The visitors enter the zoo and the game generates a list of what they want to see and my understanding is that it prioritizes the most recently added habitats (i.e. those are more popular). Click some guests at the entrance and look at both what they are interested in seeing in terms of animals, and also what they are currently headed towards.
Both of those pieces of information should give you a general idea of why they are there and should be able to help you figure out what to do to change it.
Scenery helps make things attractive to guests, and (unfortunately) shops are a big draw as well. If you want an area of your zoo that is less populated to attract more visitors you need to put down shops along the way at pretty regular intervals (every 40 to 50m works for me) and NOT use food courts. Spread the food and drink and souvenirs around and use them like bread crumbs to draw people through the zoo. It's unfortunate that the game works this way, but it does.
I had a Nyala habitat in my current zoo that was not getting any visitors (it was off the main paths a bit on a side path)..I added a drink shop right next to it and it has been a popular habitat ever since. (This was actually intentional, I didn't want it to be popular until I got 1-way glass).
I had an idea today in my zoo that I haven't tried yet. Modifying an old habitat by removing the gate and re-adding it could put it back to the top of the list in terms of 'newness". Of course I'd need to re-add it to my work zones, but it's a small price to pay if it revitalizes old areas of the zoo. I'm not sure if the age of the habitat is what makes them appealing, or if it's the newness of the animal itself...going to test to see at some point.
As far as the popularity of your bisons and pronghorns, it seems to me that any habitat with multiple types of animals is really popular...even when they are older. I use that to my advantage as well by spreading the multi-species habitats throughout the zoo and putting them at longer distances from the entrance so that it forces folks to walk through the zoo to get to them and gets activity at all the shops and habitats in between.
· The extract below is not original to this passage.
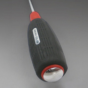 ハンドルは滑りにくく、力の入るスリット形状。グリップエンドは握りやすい六角形状。打撃できる貫通柄。六角軸形状。マグネット付き。

In my current zoo, I have 3 really popular habitats like that and each is at a different compass point. So if the entrance was "south", I have my African Safari 1 (Ostrich, Zebra, Giraffe, Sable Antelope( to the far east, my African safari 2 (Thomson's, Springbok, Buffalo and Wildebeast) and Little India (elephant, rhino and peafowl) to the far west and Planet Lemur to the far north. The whole rest of the zoo is enveloped by the radius made by drawing a circle to connect all of them.